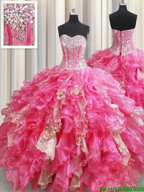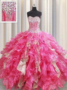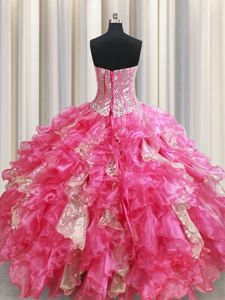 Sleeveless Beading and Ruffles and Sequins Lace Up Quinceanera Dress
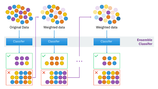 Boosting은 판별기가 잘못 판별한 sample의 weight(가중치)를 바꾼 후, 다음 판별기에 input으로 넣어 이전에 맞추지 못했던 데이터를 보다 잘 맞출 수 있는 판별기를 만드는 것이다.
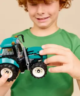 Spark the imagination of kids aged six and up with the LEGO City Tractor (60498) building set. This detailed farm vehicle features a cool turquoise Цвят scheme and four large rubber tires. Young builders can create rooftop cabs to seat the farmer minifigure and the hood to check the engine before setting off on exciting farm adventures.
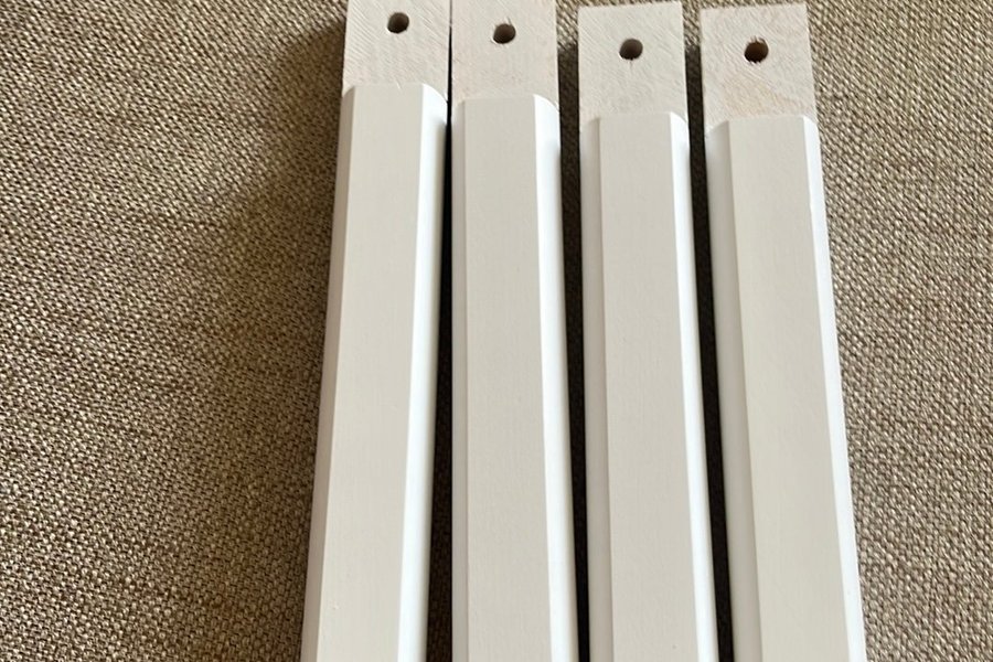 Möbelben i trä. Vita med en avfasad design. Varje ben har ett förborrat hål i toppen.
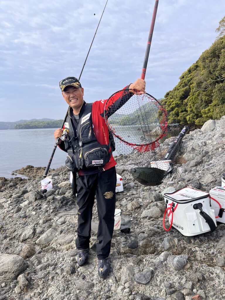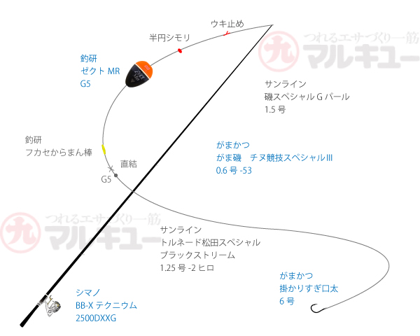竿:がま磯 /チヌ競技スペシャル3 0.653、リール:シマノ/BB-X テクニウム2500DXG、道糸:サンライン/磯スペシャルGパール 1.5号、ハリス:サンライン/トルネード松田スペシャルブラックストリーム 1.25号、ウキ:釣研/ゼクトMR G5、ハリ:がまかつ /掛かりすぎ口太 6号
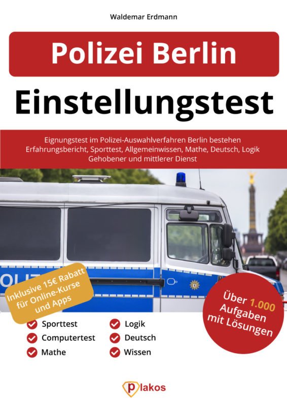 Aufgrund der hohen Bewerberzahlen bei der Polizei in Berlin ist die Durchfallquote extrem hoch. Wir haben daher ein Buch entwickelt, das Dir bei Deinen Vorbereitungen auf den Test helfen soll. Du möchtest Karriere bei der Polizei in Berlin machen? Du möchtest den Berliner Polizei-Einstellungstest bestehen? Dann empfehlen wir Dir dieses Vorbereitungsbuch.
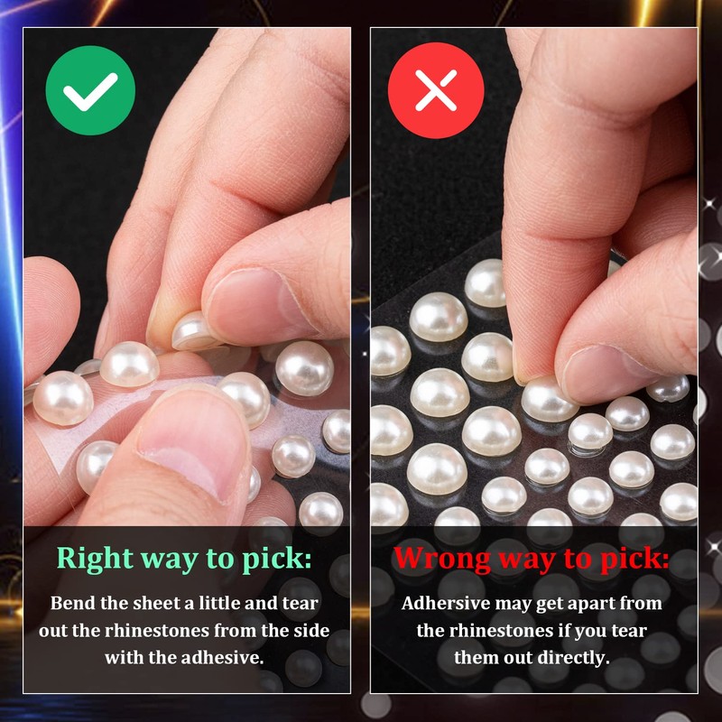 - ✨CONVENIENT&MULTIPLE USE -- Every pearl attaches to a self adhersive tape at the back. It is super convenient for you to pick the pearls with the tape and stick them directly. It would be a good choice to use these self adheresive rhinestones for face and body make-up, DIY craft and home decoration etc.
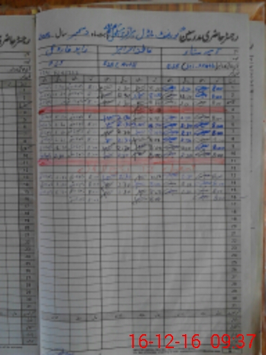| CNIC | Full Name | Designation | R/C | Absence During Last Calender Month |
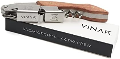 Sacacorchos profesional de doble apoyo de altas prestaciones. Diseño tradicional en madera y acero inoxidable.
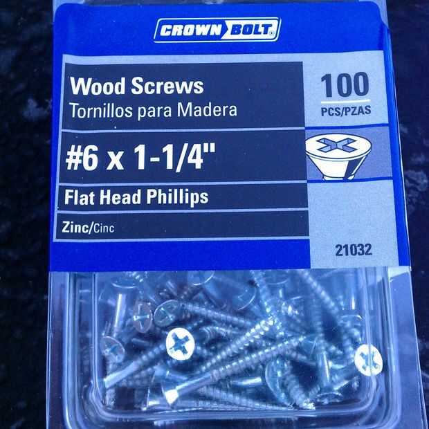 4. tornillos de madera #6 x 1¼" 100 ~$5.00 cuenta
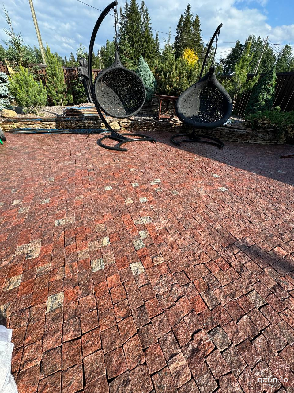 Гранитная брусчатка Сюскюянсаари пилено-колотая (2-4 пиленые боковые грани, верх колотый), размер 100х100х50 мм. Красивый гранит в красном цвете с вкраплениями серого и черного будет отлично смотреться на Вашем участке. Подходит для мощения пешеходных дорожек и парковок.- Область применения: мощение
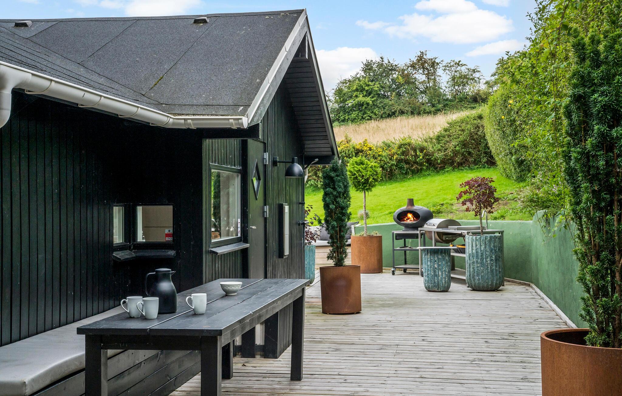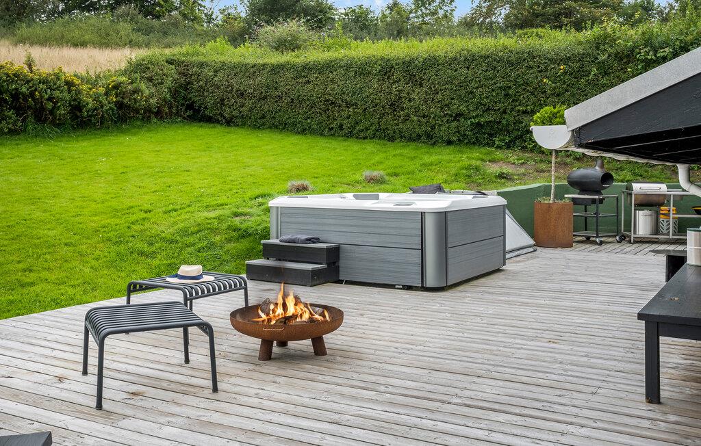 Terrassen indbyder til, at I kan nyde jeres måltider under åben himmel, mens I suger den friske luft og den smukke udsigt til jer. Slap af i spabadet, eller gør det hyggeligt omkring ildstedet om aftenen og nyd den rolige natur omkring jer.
==
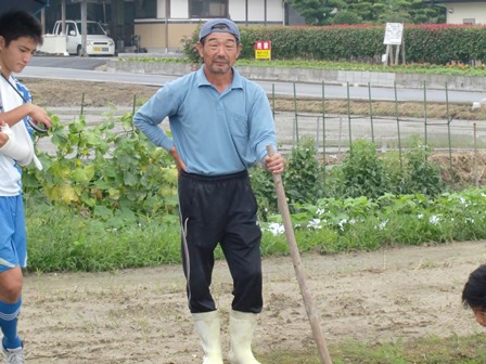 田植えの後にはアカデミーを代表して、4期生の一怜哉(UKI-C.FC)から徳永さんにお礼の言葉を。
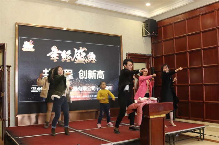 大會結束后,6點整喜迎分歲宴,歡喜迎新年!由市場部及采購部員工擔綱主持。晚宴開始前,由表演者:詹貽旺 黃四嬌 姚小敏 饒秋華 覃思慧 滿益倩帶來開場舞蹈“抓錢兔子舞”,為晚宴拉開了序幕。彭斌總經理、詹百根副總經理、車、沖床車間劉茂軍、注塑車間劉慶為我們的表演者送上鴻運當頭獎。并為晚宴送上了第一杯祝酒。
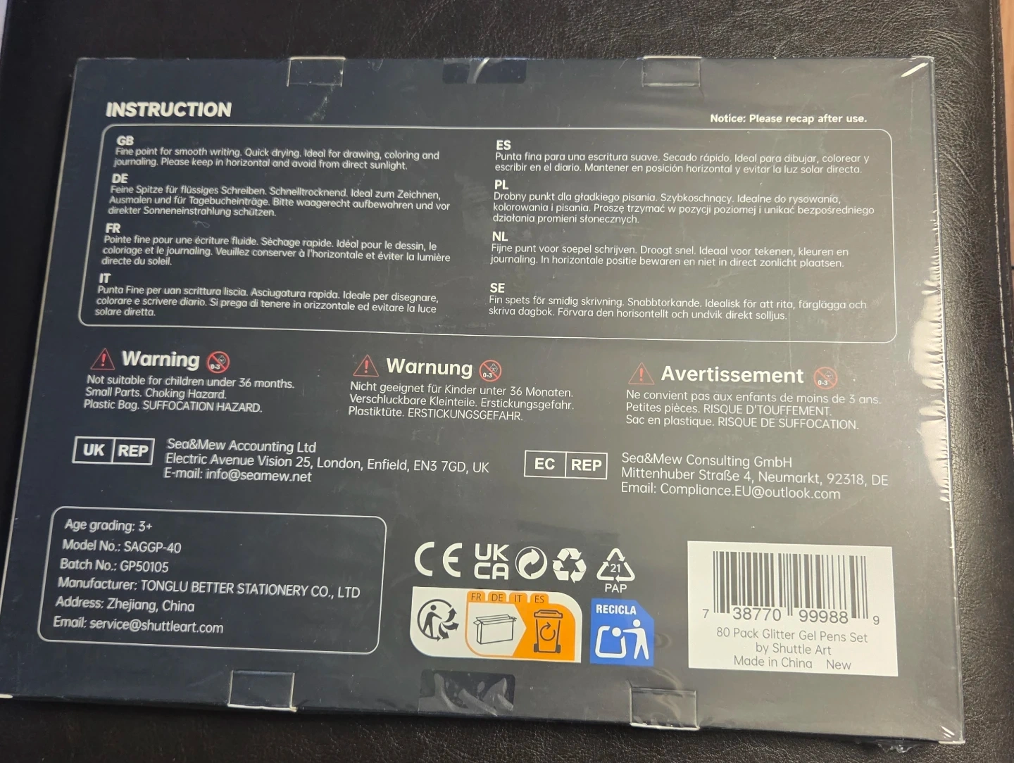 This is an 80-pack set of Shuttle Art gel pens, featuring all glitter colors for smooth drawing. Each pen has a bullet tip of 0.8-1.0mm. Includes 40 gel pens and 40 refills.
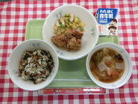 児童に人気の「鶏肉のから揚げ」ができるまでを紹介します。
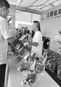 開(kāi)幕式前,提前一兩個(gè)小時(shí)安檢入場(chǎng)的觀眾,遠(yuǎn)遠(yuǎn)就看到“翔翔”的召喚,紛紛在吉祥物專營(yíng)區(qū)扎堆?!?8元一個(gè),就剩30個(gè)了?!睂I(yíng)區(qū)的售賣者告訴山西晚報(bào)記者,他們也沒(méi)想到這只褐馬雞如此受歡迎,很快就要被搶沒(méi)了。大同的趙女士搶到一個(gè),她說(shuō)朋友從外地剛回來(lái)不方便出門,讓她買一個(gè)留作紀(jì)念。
==
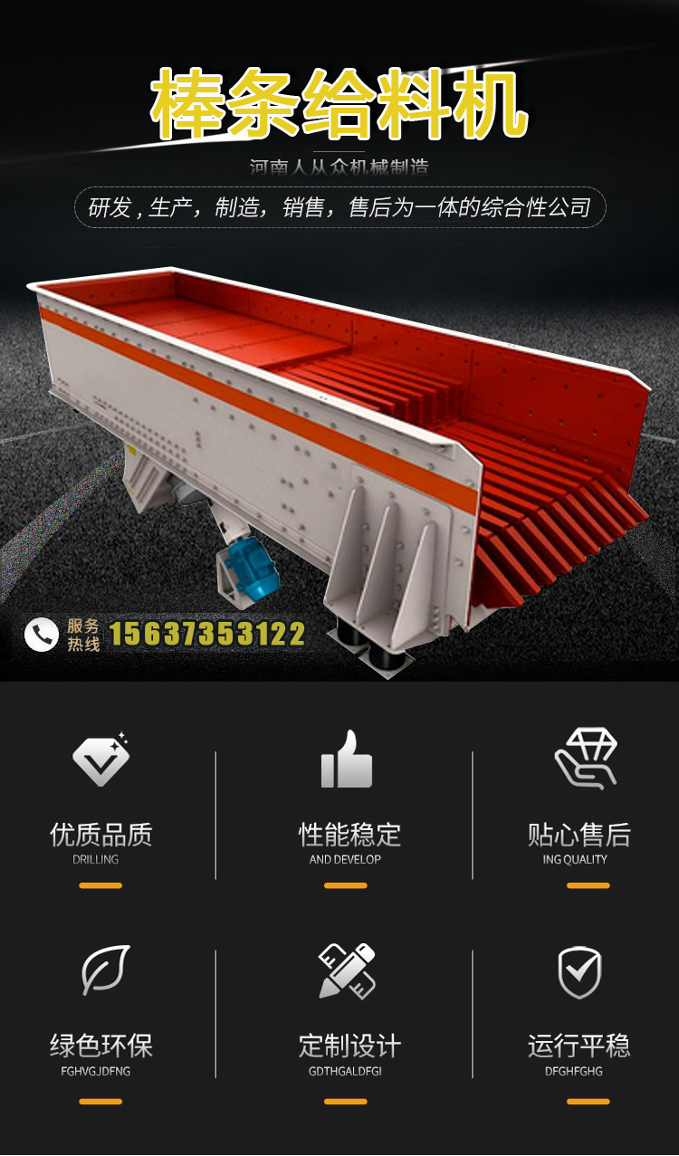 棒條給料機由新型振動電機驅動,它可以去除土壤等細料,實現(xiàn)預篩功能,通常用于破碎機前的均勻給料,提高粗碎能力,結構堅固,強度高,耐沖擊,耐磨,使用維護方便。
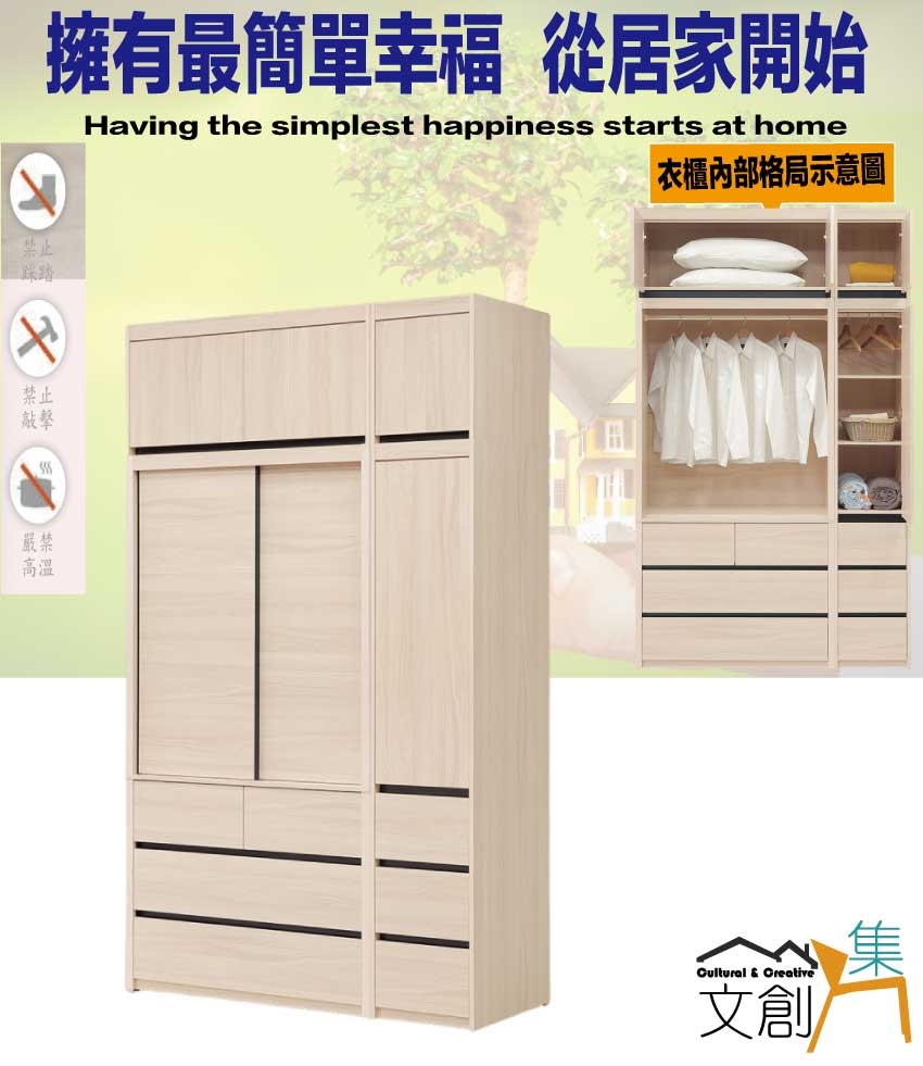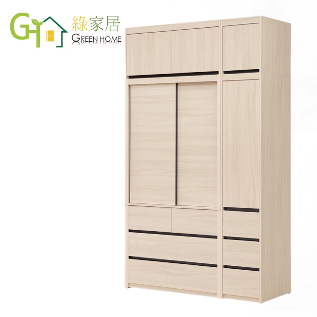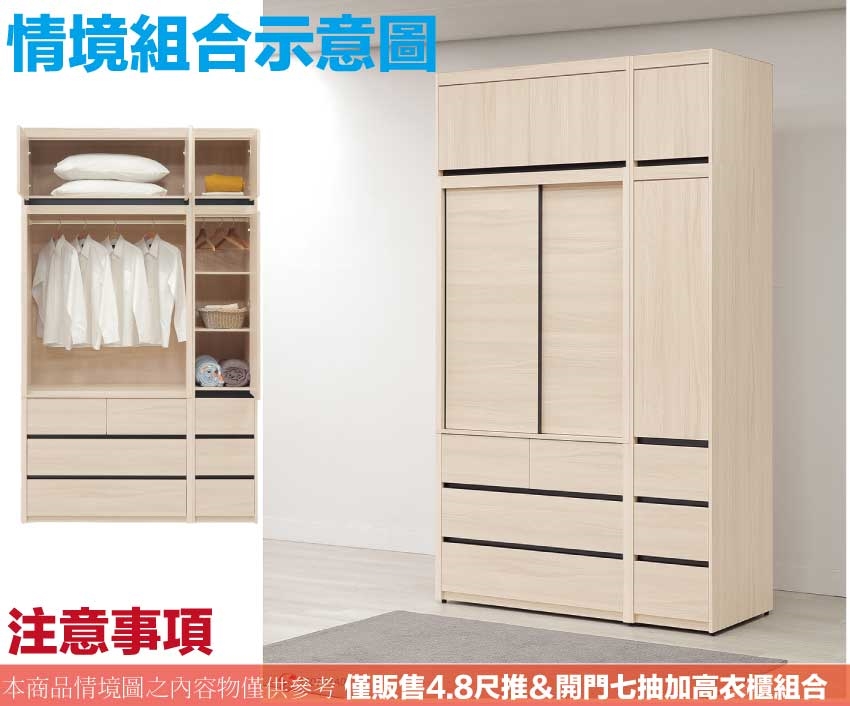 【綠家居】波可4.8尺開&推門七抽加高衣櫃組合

* TASK TO COMPLETE
Copy the listing above exactly, but only from the line with "Calender Month |" through the line with "Гранитная брусчатка Сюскюянсаари", including those two lines and excluding any picture.

* SOLUTION TO THIS TASK
| CNIC | Full Name | Designation | R/C | Absence During Last Calender Month |
 Sacacorchos profesional de doble apoyo de altas prestaciones. Diseño tradicional en madera y acero inoxidable.
 4. tornillos de madera #6 x 1¼" 100 ~$5.00 cuenta
 Гранитная брусчатка Сюскюянсаари пилено-колотая (2-4 пиленые боковые грани, верх колотый), размер 100х100х50 мм. Красивый гранит в красном цвете с вкраплениями серого и черного будет отлично смотреться на Вашем участке. Подходит для мощения пешеходных дорожек и парковок.- Область применения: мощение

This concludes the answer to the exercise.